After breakfast I was supposed to be painting Room 12 'water lily,' which apparently is some shade of yellow. At first they told me the room would be pink. I got excited about painting the whole thing- walls, floor, ceiling- pink. Then I would add a sub-woofer that played a constant, dull heartbeat. I asked a girl I work with, Annie, if she had anything umbilical I could borrow, but she had nothing to offer. I took pride in maybe being the first person in history to ever use the word 'umbilical' as an adjective, so...

(Hold on. See, knowing my mom is reading this is fucking everything up. Above is a picture of my mom. (Still want to read, mom? Yah bahastahd?!?!))

Anyway. All this scheming to construct a womb themed dorm room got me thinking about how much I want a sleep pod like everyone uses in Jah-pan.

Which led me to watching The Last Samurai.
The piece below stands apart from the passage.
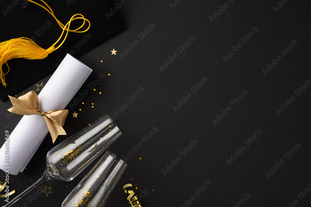 Graduation props including diploma and black cap with tassel contrasted against dark theme background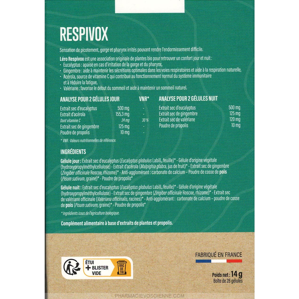 Lero Respivox 28 Perles est un complément alimentaire conçu pour apporter bien-être tout au long de la journée et de la nuit. Sa formule unique combine des extraits de plantes bio, chacun ayant des propriétés spécifiques qui aident à soulager l'inconfort dans la gorge et le pharynx.

I found two dvd options here at the hostel: The Last Samurai and Frasier. Yesterday I tore through Frasier like Geraldo entering Al Capone's hidden tomb. Except Frasier really paid off for me. In spades. I'm telling you. That dog should have won a Pulitzer or something. Moving on, it embarrasses me how inspiring I find The Last Samurai to be. CLEARLY it inspired me to great heights, including writing a blog that includes a joke about a (undoubtedly now dead) tv dog winning an award for writing.

*Afternoon*
There was still no paint so I checked out the communal fridge and ate a bunch of whipped cream from the can. I offered some to Annie, who declined. But she's home schooled so you can't blame her for being out of her fucking mind. Who doesn't like eating whipped cream from the can? Immigrants, faggots, and home schoolers. That's who.

(I'm sorry.)

Then I wrote emails and the like for far too long. I wrote this to my friend Lindsay:

"oh, and the next time i see you i'm going to take all my jewelry off, put it in a neat pile, and we're going to rumble.

jesser

ps
and after i win the fight, i'm going to steal your neat pile of jewelry."
This is a reference to our friend Davide, who liked to tell this particular fight story, where he always made sure to emphasize the piles of jewelry with zero shreds of irony or self-awareness. This still makes me chuckle. How'd he know they even liked the same style of jewelry? And ring sizes, what of that? I do see where he's coming from, though. If I was in a street fight and my chandelier earrings got knotted with my adversary's ankle bracelet, man oh man, would I be embarrassed.

I also "chatted" with the girl I've only met once a year ago but none-the-less am spending multiple hundreds of dollars to fly to my sister's wedding in August in St. Louis. She has to be out of her mind too, this smart and lovely girl. Top 5 reasons she must be crazy:
1. Any rational person can plainly see that I must be crazy for buying her that ticket, so she is crazy by association.
2. She knows about my dad, and how I'm walking my sister down the aisle... talk about an intense first date. For crying out loud.
3. She's very tall. (And y'all KNOW how I feelz about tall bitches.)
4. Her name is Angela, and she was born at the peak of the Who's the Boss madness that swept the western hemisphere during the 80s. The only reason a father would do this is to be able to refer to his own child as 'Angeler,' like Tony did in the show. And, ahem, I think I've proven my point and I don't even need a 5.

*Evening*
I was caught eating cookie dough ice cream straight from the bin. And then I was ashamed.

I also emailed the nudist goat farmer who I'm staying with next week. God bless us nudist goat farmers, one and all.

And now I'm supposed to be writing about the organic farming movement in Ireland. Hence, this: stalling. I will leave you with what might be the first paragraph:
If the organic movement is to succeed in Ireland, it will need the help of naked goat milkers, modern day white slaves, mono-syllabic Ukrainian men who treat their young French co-workers like beaten-down wives, babies that don't cry and rotten little farm girls, a butterfly genocide, silk suit wearing lobbyists, sell-out vegetarians, brothers and sisters saying Rosaries as they're huddled in the corner of their thatched houses during storms, pig races, synthetic ewe vaginae, and, most importantly, the kind of widespread fear and panic not seen in this country since the Great Potato Famine of 1845.